▸ STORED DATA

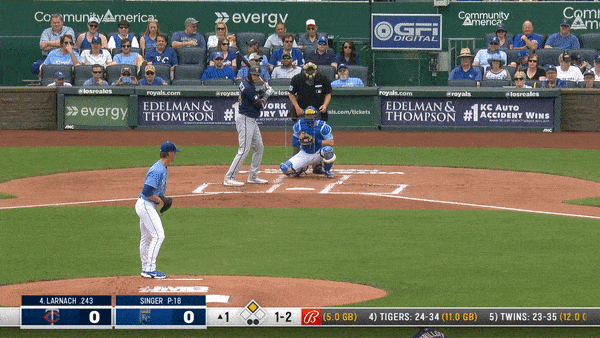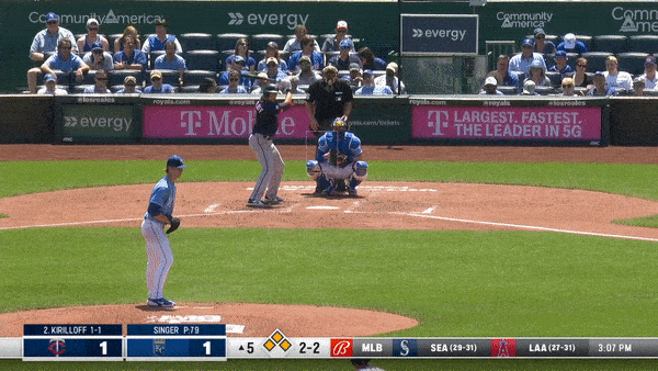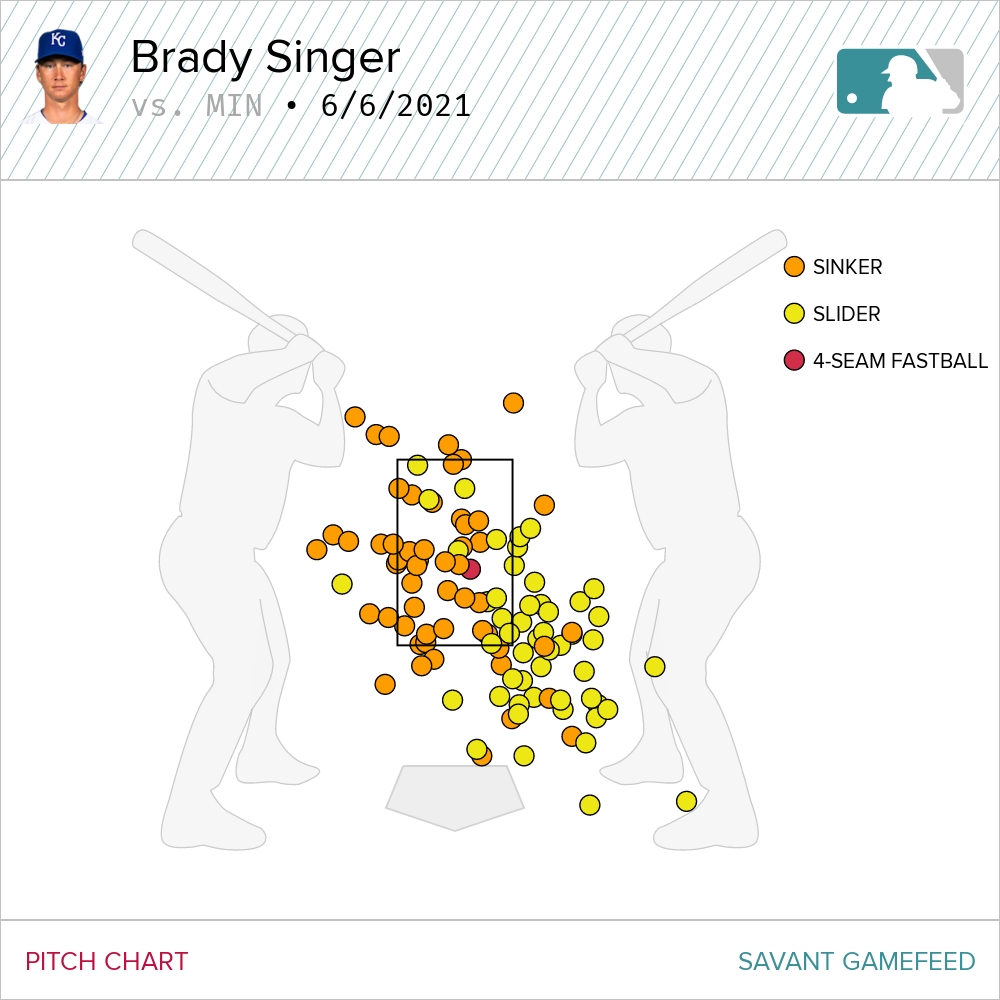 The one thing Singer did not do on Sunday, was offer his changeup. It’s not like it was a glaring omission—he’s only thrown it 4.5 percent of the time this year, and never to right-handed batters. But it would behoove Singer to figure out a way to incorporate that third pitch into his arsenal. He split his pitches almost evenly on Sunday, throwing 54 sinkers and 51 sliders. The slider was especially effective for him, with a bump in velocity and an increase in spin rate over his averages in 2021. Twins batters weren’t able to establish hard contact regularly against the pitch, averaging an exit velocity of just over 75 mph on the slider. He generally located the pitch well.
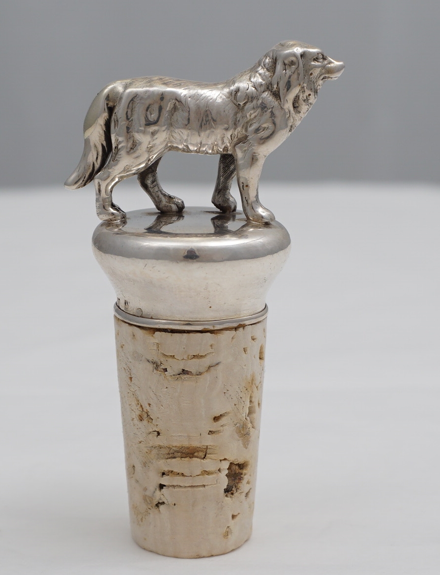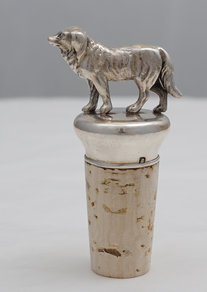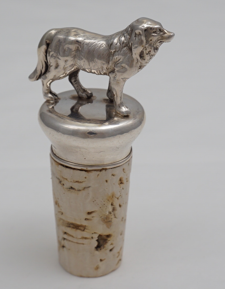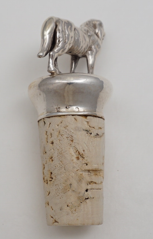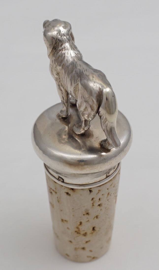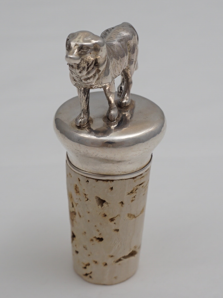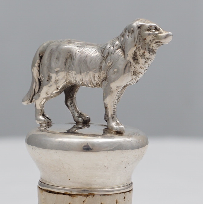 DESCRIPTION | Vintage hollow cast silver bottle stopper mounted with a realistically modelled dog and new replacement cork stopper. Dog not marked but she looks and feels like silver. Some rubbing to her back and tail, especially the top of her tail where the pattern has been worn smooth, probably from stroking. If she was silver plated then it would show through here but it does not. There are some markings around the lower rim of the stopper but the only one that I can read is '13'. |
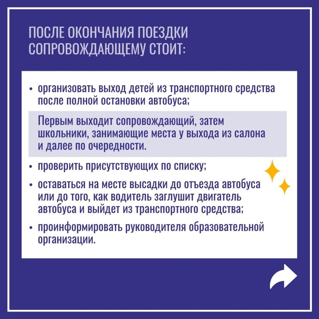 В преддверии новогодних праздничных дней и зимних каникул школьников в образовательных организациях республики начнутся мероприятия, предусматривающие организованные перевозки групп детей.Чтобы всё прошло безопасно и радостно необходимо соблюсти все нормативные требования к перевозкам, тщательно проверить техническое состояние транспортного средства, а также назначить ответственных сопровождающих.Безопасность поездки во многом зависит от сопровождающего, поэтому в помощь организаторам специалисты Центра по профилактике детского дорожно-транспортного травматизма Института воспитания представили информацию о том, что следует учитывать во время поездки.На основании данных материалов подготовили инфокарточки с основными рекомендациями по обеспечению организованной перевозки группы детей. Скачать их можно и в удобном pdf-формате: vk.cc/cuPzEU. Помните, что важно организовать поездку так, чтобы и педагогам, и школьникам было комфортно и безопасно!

▸ EXERCISE REQUIREMENTS
Give back the material above exactly as written, but omit the images.

▸ TASK RESPONSE
 The one thing Singer did not do on Sunday, was offer his changeup. It’s not like it was a glaring omission—he’s only thrown it 4.5 percent of the time this year, and never to right-handed batters. But it would behoove Singer to figure out a way to incorporate that third pitch into his arsenal. He split his pitches almost evenly on Sunday, throwing 54 sinkers and 51 sliders. The slider was especially effective for him, with a bump in velocity and an increase in spin rate over his averages in 2021. Twins batters weren’t able to establish hard contact regularly against the pitch, averaging an exit velocity of just over 75 mph on the slider. He generally located the pitch well.
 DESCRIPTION | Vintage hollow cast silver bottle stopper mounted with a realistically modelled dog and new replacement cork stopper. Dog not marked but she looks and feels like silver. Some rubbing to her back and tail, especially the top of her tail where the pattern has been worn smooth, probably from stroking. If she was silver plated then it would show through here but it does not. There are some markings around the lower rim of the stopper but the only one that I can read is '13'. |
 В преддверии новогодних праздничных дней и зимних каникул школьников в образовательных организациях республики начнутся мероприятия, предусматривающие организованные перевозки групп детей.Чтобы всё прошло безопасно и радостно необходимо соблюсти все нормативные требования к перевозкам, тщательно проверить техническое состояние транспортного средства, а также назначить ответственных сопровождающих.Безопасность поездки во многом зависит от сопровождающего, поэтому в помощь организаторам специалисты Центра по профилактике детского дорожно-транспортного травматизма Института воспитания представили информацию о том, что следует учитывать во время поездки.На основании данных материалов подготовили инфокарточки с основными рекомендациями по обеспечению организованной перевозки группы детей. Скачать их можно и в удобном pdf-формате: vk.cc/cuPzEU. Помните, что важно организовать поездку так, чтобы и педагогам, и школьникам было комфортно и безопасно!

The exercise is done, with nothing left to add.